WHAT YOU ARE ASKED TO DO – Write out the entries below once more, exactly, with the pictures left out.

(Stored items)
»»

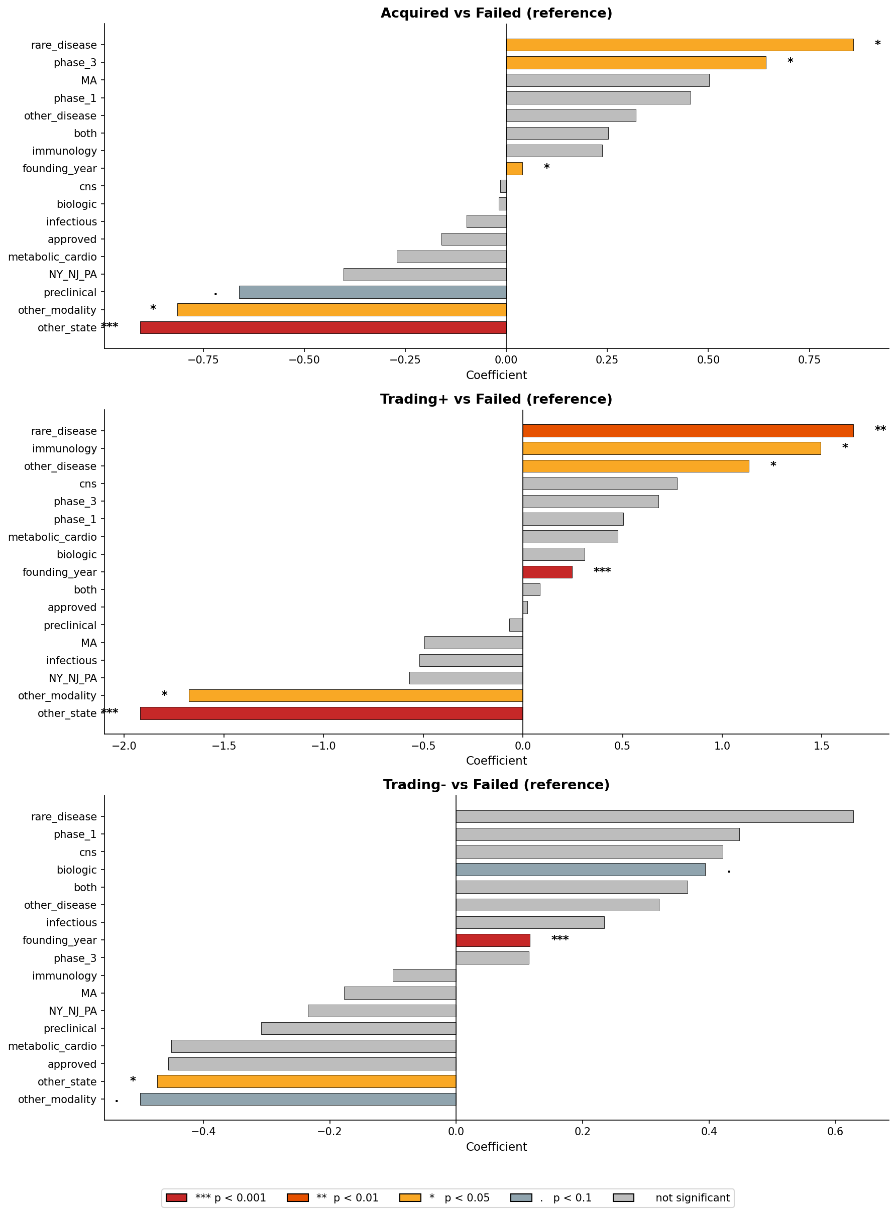 Do pursue rare disease and immunology indications. Companies with a rare disease focus are more likely to be acquired and more likely to trade with positive CAGR; companies with an immunology focus are more likely to trade with positive CAGR.
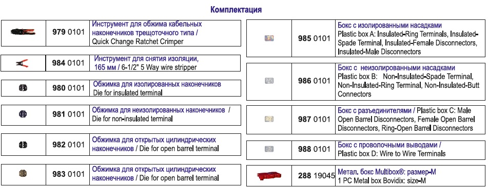 Набор для обжима кабельных наконечников.87 предметов. Код заказа 288308701
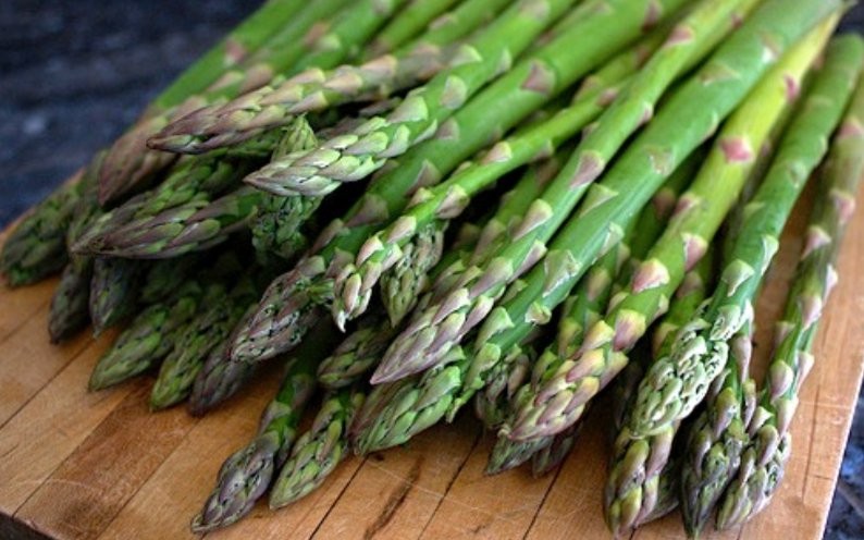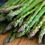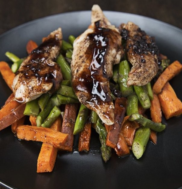 - We salt and pepper the chicken and place it on top of the asparagus and sweet potatoes.
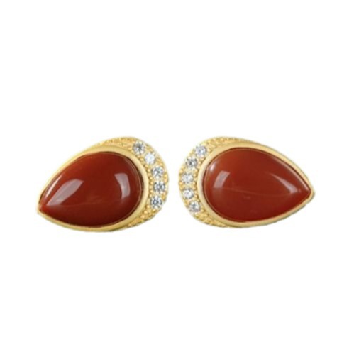 小巧镶嵌锆石小众简约天然南红玛瑙耳钉女气质镀925纯银几何耳饰
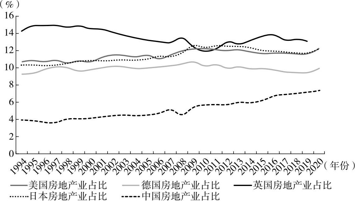 由于房地产业规模大、链条长、涉及面广,其在各国的宏观经济中都占有重要地位,属于支柱性产业。尽管统计口径有差异,在美国等经济体存量房占主体的市场中,房地产出租、代理和经纪以及建筑业中的住宅建筑投资的增加值合计也占到GDP(国内生产总值)的13%左右。五大经济体房地产业占GDP比重见图1.7。房地产业的稳定健康可持续发展,对我国经济至关重要。
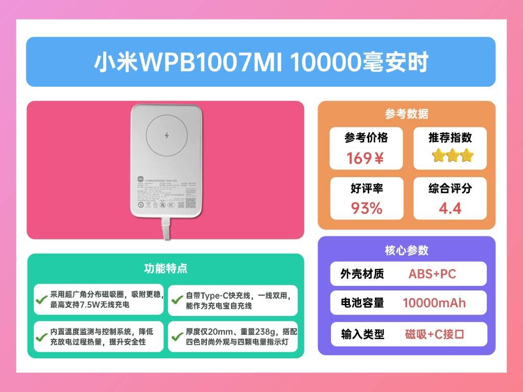 推荐型号:西圣PB磁吸充电宝10000mAh

««

SOLUTION TO THE PROBLEM –
 Do pursue rare disease and immunology indications. Companies with a rare disease focus are more likely to be acquired and more likely to trade with positive CAGR; companies with an immunology focus are more likely to trade with positive CAGR.
 Набор для обжима кабельных наконечников.87 предметов. Код заказа 288308701
 - We salt and pepper the chicken and place it on top of the asparagus and sweet potatoes.
 小巧镶嵌锆石小众简约天然南红玛瑙耳钉女气质镀925纯银几何耳饰
 由于房地产业规模大、链条长、涉及面广,其在各国的宏观经济中都占有重要地位,属于支柱性产业。尽管统计口径有差异,在美国等经济体存量房占主体的市场中,房地产出租、代理和经纪以及建筑业中的住宅建筑投资的增加值合计也占到GDP(国内生产总值)的13%左右。五大经济体房地产业占GDP比重见图1.7。房地产业的稳定健康可持续发展,对我国经济至关重要。
 推荐型号:西圣PB磁吸充电宝10000mAh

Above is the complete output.